Wind turbines in the sea stand on constructions on enormous steel piles that are driven 35 metres deep into the seabed. TNO has a separate research line for, among other things, the improvement of the design of these so-called monopiles.
Since the 1970s there has been a lot of experimentation with the generation of wind energy. The conventional horizontal axis wind turbine, which came out best, did not stand still from a design point of view either. TNO is constantly working on innovations that make the turbine better and more cost-efficient.
TNO performs extensive measurements on, in and near the world's largest wind turbine, the Haliade-X 12MW offshore wind turbine. For TNO a familiar scientific domain in itself, but the unprecedented height (260 meters), blade length (107 meters) and therefore diameter of 220 meters push the boundaries of knowledge about aerodynamics. The design and calculations of GE Renewable Energy, as well as those of the manufacturers of the blades and other components, are validated by the measurements in practice.

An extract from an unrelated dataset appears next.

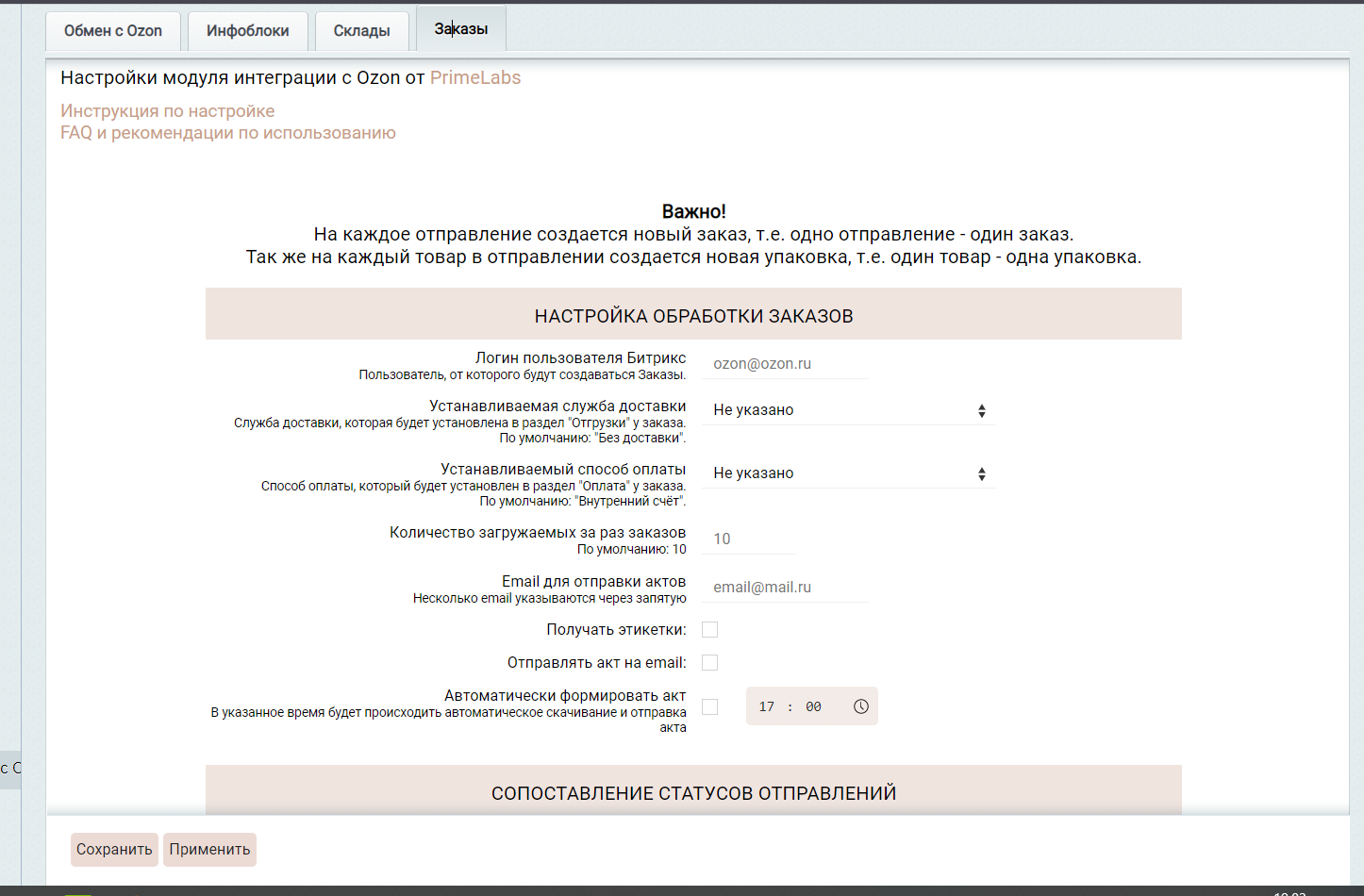 Инструкция по настройке модуля интеграции с Ozon

Design and further development of wind turbines
The design and further development of wind turbines involves a great deal of work and requires a lot of knowledge from various disciplines, in particular aerodynamics, aero-elasticity and control. All three are core activities of TNO Energy Transition.

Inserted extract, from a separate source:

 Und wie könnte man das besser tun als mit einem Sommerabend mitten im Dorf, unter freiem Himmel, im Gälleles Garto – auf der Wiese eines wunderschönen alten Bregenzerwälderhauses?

One of the main challenges at the moment is to increase the size of the rotor of the wind turbines. The blades have to be designed longer, as it were. That may seem simple, but it is not. If the blade is scaled up - that is to say, it becomes larger - it becomes heavier to the power of three according to the square cube law. And mass has an impact on costs, with a larger blade more expensive in almost all cases.
Heavier yet cheaper
However, this is particularly worthwhile in maritime applications, because the foundations and the construction of these foundations are expensive parts of the total cost. Wind turbines can be fixed on a pile or float in the sea, but these are very expensive options. It therefore pays to place them as much as possible on a foundation in order to ultimately - despite increased costs on parts - generate cheaper energy.
However, there are mechanical limits to the mass: the rotor cannot be made heavier indefinitely. If the blades become too heavy, this will affect the entire turbine, even the mast and the foundation will become more expensive. One solution is clever aerodynamic and control innovations that reduce load and thus mass. An example is the use of special measuring equipment (LiDARs), which detects gusts of wind in advance and allows the rotor to anticipate them. Options also include the development of other concepts for generating wind energy, such as a vertical axis wind turbine or a kite.
Important disciplines are aerodynamics as well as aero-elasticity. In aerodynamics, the force exerted by the wind on the blades of the wind turbine is predicted. Aero-elasticity refers to the interaction of aerodynamics with blade deformation. The forces that the wind exerts on the rotor have an effect on the shape: the blades can bend and twist, and start to vibrate. If too much vibration occurs, the wind turbine breaks down.
A third important discipline is the so-called controllers, or regulators, that adjust the blade angle and rotation speed in order to optimally utilise the wind and reduce loads. Because the onsite wind varies greatly at different times during field measurements, TNO, together with TU Delft and others, carried out studies in wind tunnels where the operation of the wind and the air forces can be examined in a controlled way.